## Aim of the task
Return the following lines and nothing else: the one holding "Суперкомплект: гайковерт в" and all those after it in the records below, unchanged, minus any pictures.
____________________
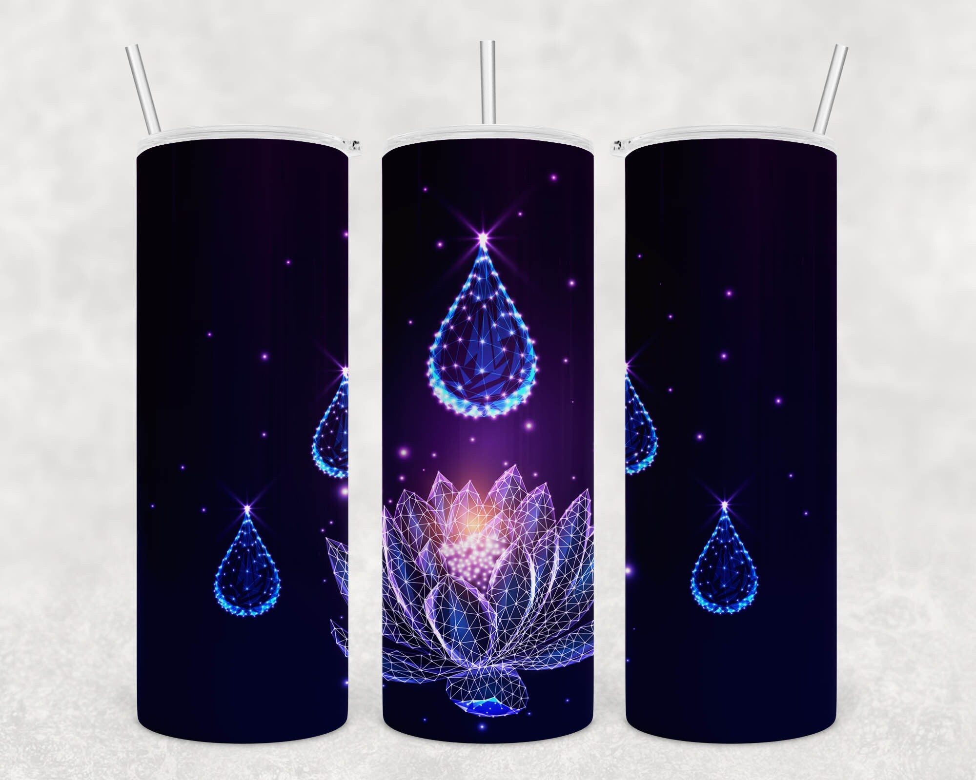 Skinny Tumbler 20 oz lotus with diamond drops, Zen, mystical, chakra gift for her, yoga lover gift, water bottle with straw
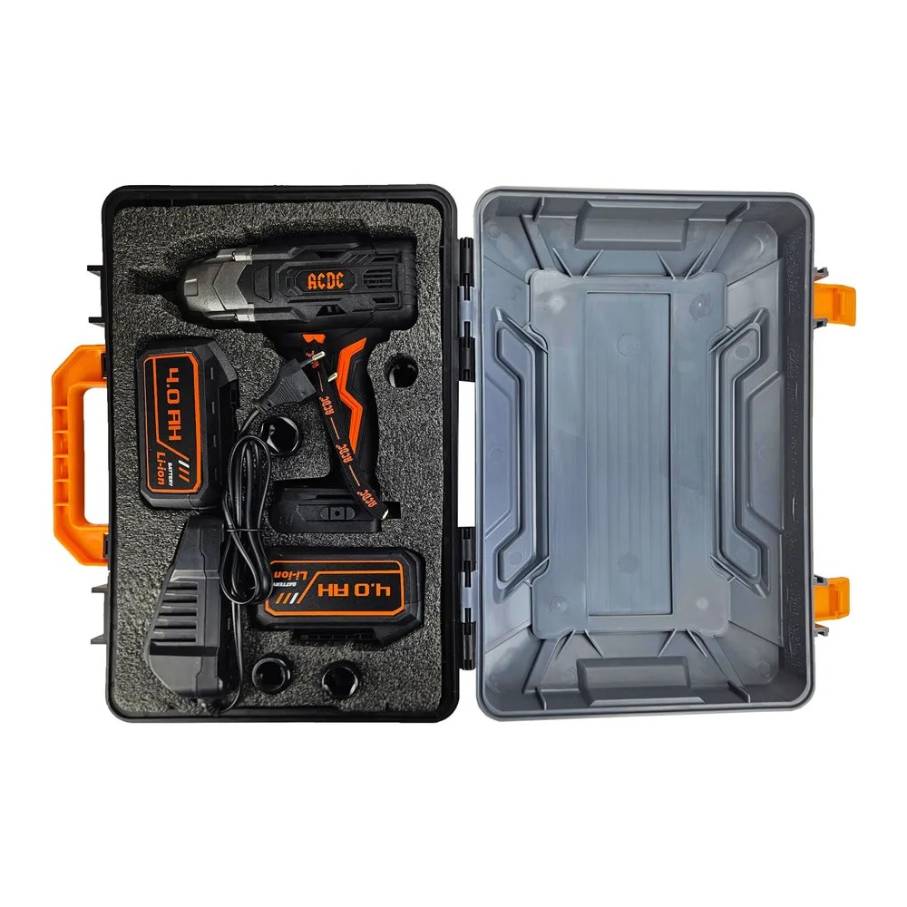 Суперкомплект: гайковерт в сборе, два аккумулятора 4000 mAh 21B , импульсное зарядное устройство, полимерный кейс.
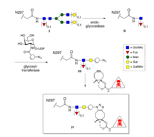 Fig. 3 Shown is the glycan remodeling strategy used to attach a cytotoxic payload to the conserved Asn297 of IgG immunoglobulins. Reprinted from Remon van Geel et al., Chemoenzymatic Conjugation of Toxic Payloads to the Globally Conserved N-Glycan of Native mAbs Provides Homogeneous and Highly Efficacious Antibody–Drug Conjugates, Bioconjugate Chemistry 2015 26 (11), 2233–2242 under the Creative Commons CC BY 4.0 public use license.
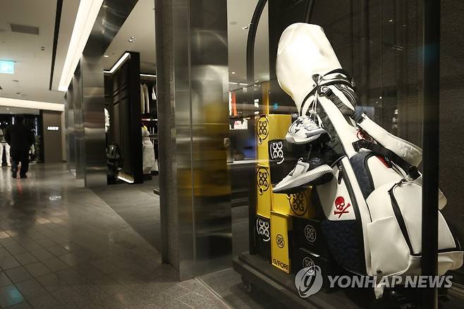 (서울=연합뉴스) 진연수 기자 = 골프 인기가 계속되면서 비수기인 겨울에도 관련 상품 매출이 늘고 있다. 16일 롯데백화점에 따르면 골프 비수기인 지난해 11월과 12월의 골프 상품군 매출은 전년 같은 기간 대비 37.4%, 57.3% 증가했다. 올해 1월에는 본격적인 골프철이 다가오면서 매출이 65.8% 증가했다. 특히 골프용품 중에서도 캐디백과 보스턴백, 골프파우치 등을 아우르는 골프백의 1월 매출은 30% 정도 증가했다. 사진은 이날 서울 중구 롯데백화점에서 판매 중인 골프백. 2022.2.16
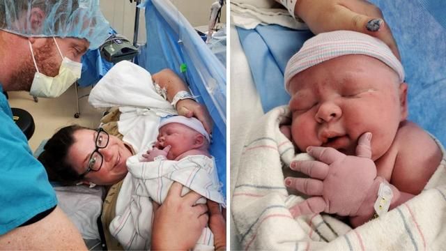 根據abc當地電視台報導,凱芮和提姆10月初生下他們的寶貝芬力(Finnley),她回憶孩子出生時接生間醫護們的反應,全部人都不敢相信芬力不僅很重,還長得非常高大,體型幾乎就像一個一歲小孩。雖然醫師當初在幫凱芮照超音波時,就已經告訴他們「這個小孩會很大」,但連他也沒想到原來這麼巨,從業27年來沒看過這麼大的嬰兒,很快醫師就和護師紛紛拿出手機,要和他們一家合照。
____________________
## Answer to this task
 Суперкомплект: гайковерт в сборе, два аккумулятора 4000 mAh 21B , импульсное зарядное устройство, полимерный кейс.
 Fig. 3 Shown is the glycan remodeling strategy used to attach a cytotoxic payload to the conserved Asn297 of IgG immunoglobulins. Reprinted from Remon van Geel et al., Chemoenzymatic Conjugation of Toxic Payloads to the Globally Conserved N-Glycan of Native mAbs Provides Homogeneous and Highly Efficacious Antibody–Drug Conjugates, Bioconjugate Chemistry 2015 26 (11), 2233–2242 under the Creative Commons CC BY 4.0 public use license.
 (서울=연합뉴스) 진연수 기자 = 골프 인기가 계속되면서 비수기인 겨울에도 관련 상품 매출이 늘고 있다. 16일 롯데백화점에 따르면 골프 비수기인 지난해 11월과 12월의 골프 상품군 매출은 전년 같은 기간 대비 37.4%, 57.3% 증가했다. 올해 1월에는 본격적인 골프철이 다가오면서 매출이 65.8% 증가했다. 특히 골프용품 중에서도 캐디백과 보스턴백, 골프파우치 등을 아우르는 골프백의 1월 매출은 30% 정도 증가했다. 사진은 이날 서울 중구 롯데백화점에서 판매 중인 골프백. 2022.2.16
 根據abc當地電視台報導,凱芮和提姆10月初生下他們的寶貝芬力(Finnley),她回憶孩子出生時接生間醫護們的反應,全部人都不敢相信芬力不僅很重,還長得非常高大,體型幾乎就像一個一歲小孩。雖然醫師當初在幫凱芮照超音波時,就已經告訴他們「這個小孩會很大」,但連他也沒想到原來這麼巨,從業27年來沒看過這麼大的嬰兒,很快醫師就和護師紛紛拿出手機,要和他們一家合照。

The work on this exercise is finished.